# INPUT DATA
###

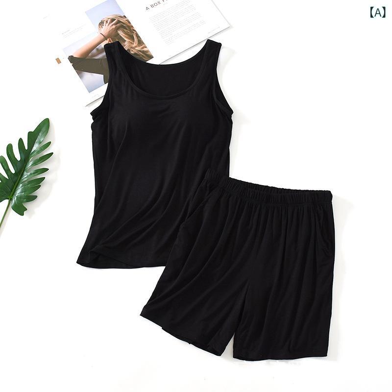 ルームウェア レディース 上下セット カップ付き キャミソール ショートパンツ 再生繊維 モダール 薄手 接触冷感 通気性 伸縮性 リラックス 部屋着 春夏 ブラック 麻グレー ピンク系 ブルー系 カーキ ダークグレー
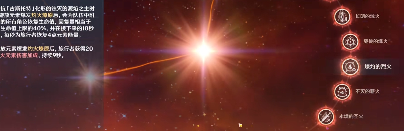 4命在施放元素爆发后,提供20%的火元素伤害加成。该效果很可能服务于6命的机制,整体增伤效果显著,提升了输出的潜力。5命与3命类似,主要提高元素爆发的等级,仅增加技能数值,缺乏机制上的改变,因此提升幅度较为有限。
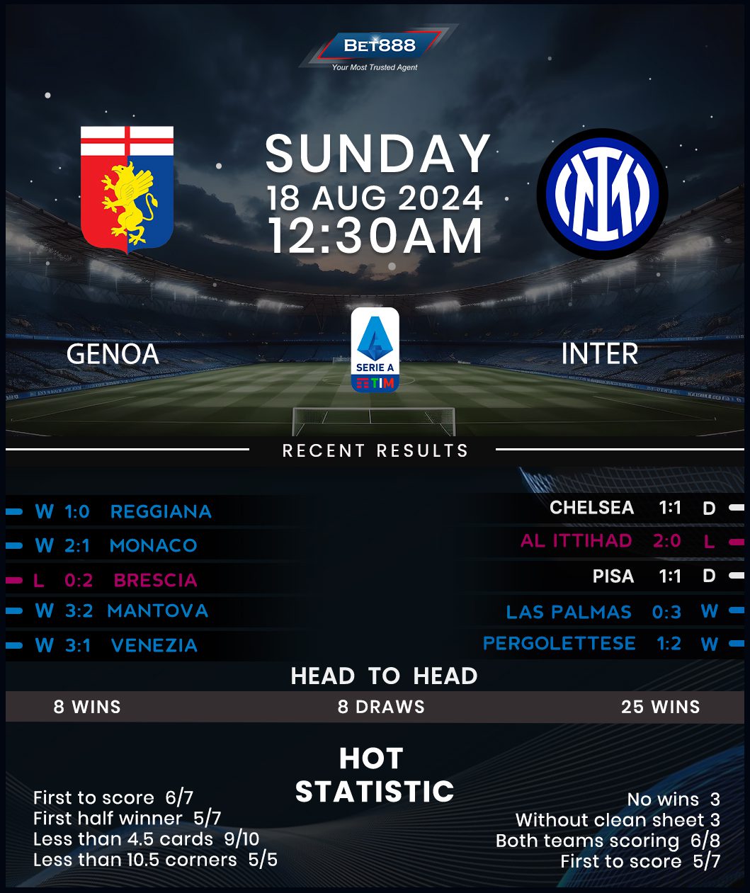 On the other hand, Inter Milan lifted a landmark 20th Scudetto last season in remarkable fashion, leaving second-placed AC Milan a whopping 19 points behind. Simone Inzaghi’s side only lost twice in 38 league matches in 2023/24, going down to the relegated Sassuolo each time (W29, D7). Despite their dominant title run, ‘I Nerazzurri’ cannot afford to rest easy, knowing the last four reigning holders have failed to defend their title, including Inter three years ago. The visitors will, nonetheless, seek a flying start. They’ve commenced their last five Serie A seasons with a win, but their recent visits to Luigi Ferraris have not gone to plan. After three consecutive league wins at this venue by 2+ goals ‘to nil,’ they’ve drawn two in a row, netting just one goal. .

###

# TASK PROMPT
Return the listing exactly as it appears, excluding any image.

# RESPONSE AREA
 ルームウェア レディース 上下セット カップ付き キャミソール ショートパンツ 再生繊維 モダール 薄手 接触冷感 通気性 伸縮性 リラックス 部屋着 春夏 ブラック 麻グレー ピンク系 ブルー系 カーキ ダークグレー
 4命在施放元素爆发后,提供20%的火元素伤害加成。该效果很可能服务于6命的机制,整体增伤效果显著,提升了输出的潜力。5命与3命类似,主要提高元素爆发的等级,仅增加技能数值,缺乏机制上的改变,因此提升幅度较为有限。
 On the other hand, Inter Milan lifted a landmark 20th Scudetto last season in remarkable fashion, leaving second-placed AC Milan a whopping 19 points behind. Simone Inzaghi’s side only lost twice in 38 league matches in 2023/24, going down to the relegated Sassuolo each time (W29, D7). Despite their dominant title run, ‘I Nerazzurri’ cannot afford to rest easy, knowing the last four reigning holders have failed to defend their title, including Inter three years ago. The visitors will, nonetheless, seek a flying start. They’ve commenced their last five Serie A seasons with a win, but their recent visits to Luigi Ferraris have not gone to plan. After three consecutive league wins at this venue by 2+ goals ‘to nil,’ they’ve drawn two in a row, netting just one goal. .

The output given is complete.